The task: Give the number of lines in the data that contain "Creek", and nothing more.

Data supplied:
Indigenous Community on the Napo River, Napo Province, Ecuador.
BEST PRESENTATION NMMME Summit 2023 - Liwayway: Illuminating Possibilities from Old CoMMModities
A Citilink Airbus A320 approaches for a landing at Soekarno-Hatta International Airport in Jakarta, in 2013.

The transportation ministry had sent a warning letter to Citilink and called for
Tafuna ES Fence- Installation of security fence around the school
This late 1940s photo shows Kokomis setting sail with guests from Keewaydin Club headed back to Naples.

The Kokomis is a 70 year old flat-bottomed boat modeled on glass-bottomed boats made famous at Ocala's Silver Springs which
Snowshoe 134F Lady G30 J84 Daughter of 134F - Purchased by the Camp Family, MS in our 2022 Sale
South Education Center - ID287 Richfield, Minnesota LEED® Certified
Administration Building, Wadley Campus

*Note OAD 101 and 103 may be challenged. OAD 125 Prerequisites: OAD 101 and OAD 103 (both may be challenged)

* * *

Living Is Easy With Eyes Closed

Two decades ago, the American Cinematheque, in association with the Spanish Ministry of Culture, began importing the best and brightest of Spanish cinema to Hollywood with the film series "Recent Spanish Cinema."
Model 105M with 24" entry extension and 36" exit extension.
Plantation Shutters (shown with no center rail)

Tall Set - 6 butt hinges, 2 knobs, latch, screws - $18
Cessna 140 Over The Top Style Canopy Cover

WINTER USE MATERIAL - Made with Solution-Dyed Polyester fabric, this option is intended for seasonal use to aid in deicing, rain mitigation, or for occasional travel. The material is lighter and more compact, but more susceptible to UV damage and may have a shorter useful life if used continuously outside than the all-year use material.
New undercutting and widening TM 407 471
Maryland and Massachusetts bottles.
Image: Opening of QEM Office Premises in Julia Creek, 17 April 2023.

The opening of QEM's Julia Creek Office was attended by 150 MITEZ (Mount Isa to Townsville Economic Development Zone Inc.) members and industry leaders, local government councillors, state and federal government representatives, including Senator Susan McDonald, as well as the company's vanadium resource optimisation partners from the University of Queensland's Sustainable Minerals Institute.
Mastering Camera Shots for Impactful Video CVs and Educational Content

Finished task: 2